Sink Holes of Corruption and my grandfather


This is from the Gazette. 1928. Mederic Martin pleads for Anglo Voters.

In my play Milk and Water about Montreal City Hall in 1927, I start with a telephone conversation IN ENGLISH between Mederic Martin, the Mayor of Montreal, and my grandfather, Jules Crepeau.

Not likely, but I needed to do it.

The device I use: I say that the Mayor has a representative of the Royal Prince in his office...I make it a matter of respect. The Mayor and the Prince liked to party, apparently.

Now I wonder if the Prince spoke French to the Mayor. He no doubt could speak French.. But then, this is a representative and not an official one, a friend.

Oh,well.

Once again I stumbled on something interesting on the Internet while looking up something else. I found a 1914 Canadian Review that summed up the Montreal Municipal Election of 1914.

Now, up until that time, there had been a policy of rotating French and English Mayors. Martin, an alderman and a Member of Parliament, said "Poop to that" and ran for Mayor anyway, appealing to French voters' sentiment.

A lame English candidate was parachuted in to run against him. (Many highly qualified English Montrealers weren't invited to run for the candidacy.)

The 'lame' English Candidate, who also spoke French and German, wanted to put in a Central Library with branches and perhaps a subway. Imagine!

Anyway, apparently both the English and French Presses were against Martin, but he won the election anyway. Montreal Tramways supported him. (They are the monopoly owned in part by the Forgets, my grandfather's relations.)

Anyway, Martin won and immediately started grabbing more power for  himself.  (There were only 3 anglo aldermen elected in that council.)

Martin already had a reputation for being shady, so this article said. Anyway, I guess that's why in 1921 the City Charter was amended. An Executive Committee was put in lieu of a Board of Control and almost all power taken away from the Mayor.

And a new powerful position was created, Director of Municipal Services. My grandfather's post.

Perhaps that's why, in August 1921, one month before my grandfather got his job as Director of City Services, the Financial Post in Toronto ran a story by a writer under a silly pseudonym, the Make-Up Man, condemning the institutionalized corruption at City Hall and saying they 'create jobs for their friends.'

I suspect the author is one Edward Beck a former (short term) managing editor of the Montreal Herald and the Montreal Star.

Edward Beck was a journalist who, in 1914, tried to entrap my grandfather into accepting a bribe in a sting operation involving Burns Detectives and a wire device called a detectaphone.

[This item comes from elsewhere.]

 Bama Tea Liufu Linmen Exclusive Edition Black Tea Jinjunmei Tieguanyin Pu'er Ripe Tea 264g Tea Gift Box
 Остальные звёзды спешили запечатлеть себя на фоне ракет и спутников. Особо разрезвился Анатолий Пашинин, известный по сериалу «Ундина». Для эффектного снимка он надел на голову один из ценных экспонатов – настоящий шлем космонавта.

Beck almost did bring my grandfather down, but no cigar. My grandfather salvaged his good name in court.

(Beck and some others had taken down three Quebec legislators using a similar scam earlier in the year over bribe-taking in 1913. He must have felt confident he could get my grandfather.)

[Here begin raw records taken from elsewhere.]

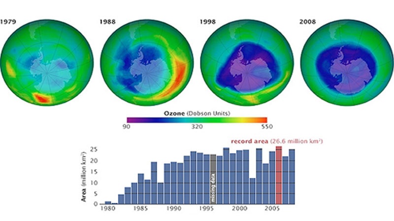 Hata hivyo tangu mwanzoni mwa muongo wa 1970, kwa mara ya kwanza, katika anga ya eneo la Antaktika (yaani Ncha ya Kusini mwa dunia), watafiti waligundua kuweko uharibifu katika tabaka la Ozoni. Awali ilidhaniwa kuwa, sababu za kutokea uharabifu huo ni gesi za Nitrogen Oxide zinazozalishwa na safari za ndege zinazokwenda mwendo wa kasi katika Angahewa (Atmosfia). Hata hivyo mwaka 1974 baadhi ya mada za kemikali zinazozalishwa na wanadamu zinazojulikana kwa jina la klorofluorokaboni (chlorofluorocarbon (CFC)) zilionekana katika tabaka la Ozoni. Gesi za CFC ni gesi zinazotengeneza ubaridi kwenye majokofu na viyoyozi na vilevile zinatumika katika utengenezaji wa mada za plastiki. Gesi hizo zina atomu zenye athari mbaya na wakati zinapopanda kwenda katika tabaka za juu ya ardhi, atomu za gesi hiyo hutawanyika baada ya kupigwa na mionzi ya jua na kuharibu haraka molekuli zinazounda gesi ya Ozoni. Gesi hizo za CFC ni mbaya kiasi kwamba, kila atomu yake inapotawanyika kwa kuguswa na mwanga wa jua hurudi ardhini na kabla ya kufika ardhini huwa imeshaharibu molekuli laki moja za gesi ya Ozoni. Baya zaidi ni kuwa, gesi za CFC hujitafutia makazi ya kudumu katika tabaka la Angahewa (Atmosfia) na kuendelea kufanya uharibifu katika tabaka la Ozoni kwa muda mrefu. Mwaka 1985 kundi moja la wataalamu liligundua kuweko uharibifu mkubwa katika eneo la Antaktika (Ncha ya Kusini mwa dunia), uharibifu ambao ulionekana waziwazi kwa jicho. Baada ya hapo, uharibifu mkubwa zaidi ulionekana mwaka 2006 kwenye eneo hilo. Hata hivyo janga kubwa zaidi ni kwamba, ripoti zote za Shirika la Taifa la Masuala ya Anga na Anga za Juu la Marekani zimeonesha kuwa, thuluthi mbili ya tabaka la Ozoni juu ya eneo la Ncha ya Kusini mwa dunia litakuwa limeharibiwa kikamilifu, na taathira zake kuenea dunia nzima. Wasiwasi uliopo hivi sasa ni kuwa, shimo hilo lilioko kwenye eneo la Antaktika litapelekea kuangamia maisha ya viumbe vyote hai katika sayari ya ardhi.
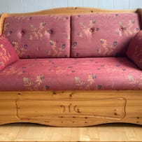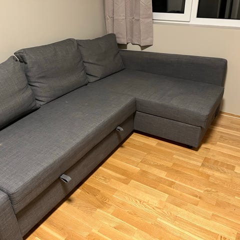Sovesofa: Godt brukt sovesofa med flere slitasjer - se bilder. Trekket til sovesofaen kan tas av og trekkes om - men går fint an til å brukes som sofa og sovesofa.
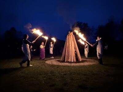 火を囲みながら、「誓いの言葉」を各クラス声を揃えて宣言しました。

It must have burned Beck no end that, in 1921,  my grandfather went on to fill this new powerful post of Director of Municipal Departments.

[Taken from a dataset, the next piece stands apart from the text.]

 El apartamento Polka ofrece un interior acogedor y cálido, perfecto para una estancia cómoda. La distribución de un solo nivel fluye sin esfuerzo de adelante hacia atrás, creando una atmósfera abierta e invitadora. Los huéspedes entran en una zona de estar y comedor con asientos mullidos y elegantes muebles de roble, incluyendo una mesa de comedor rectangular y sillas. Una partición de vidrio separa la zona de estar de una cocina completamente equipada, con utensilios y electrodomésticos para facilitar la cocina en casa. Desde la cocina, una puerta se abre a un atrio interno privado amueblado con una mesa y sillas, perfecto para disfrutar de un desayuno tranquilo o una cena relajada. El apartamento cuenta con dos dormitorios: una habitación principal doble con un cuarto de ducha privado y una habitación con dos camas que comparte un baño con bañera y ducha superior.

Of course, in 1930, my grandfather himself was brought down by Camillien Houde and who knows who else. That was just one month before Edward Beck, now a PR person for the Pulp and Paper Industry, passed away in Montreal. He got his satisfaction, I guess.

Beck's obit says Edward Beck  started  his crime tabloid Beck's Weekly (where he wrote about my grandfather is vicious terms) in 1914 and ended it due to the outbreak of war.

It was in the first edition where he tried to take down my grandfather, calling him the worst kind of grafter.

"The City Hall is a sweet-scented sink hole of pollution if men like Crepeau speak the truth. Their greedy official hands take toll of contracts, levy tribute on ordinances, and prey upon the poor city labourers. Graft, graft, graft is written over the doorways, the lintels and on the doorposts."

Hmm. 1914 is where my Tighsolas stories Threshold Girl come together with my Milk and Water story.

Marion's Story (untitled) will end in 1913 October when she marries Hugh Blair, a Scottish/French Canadian from Three Rivers with a Cree grandmother.  Marion didn't get to vote, but Hugh Blair probably voted for the English Mayoralty Candidate. Or did he? They lived in NDG in 1914, on Marlowe I think.

(PS. I used three different terms for my grandfather's job, because the newspapers of the era also did.)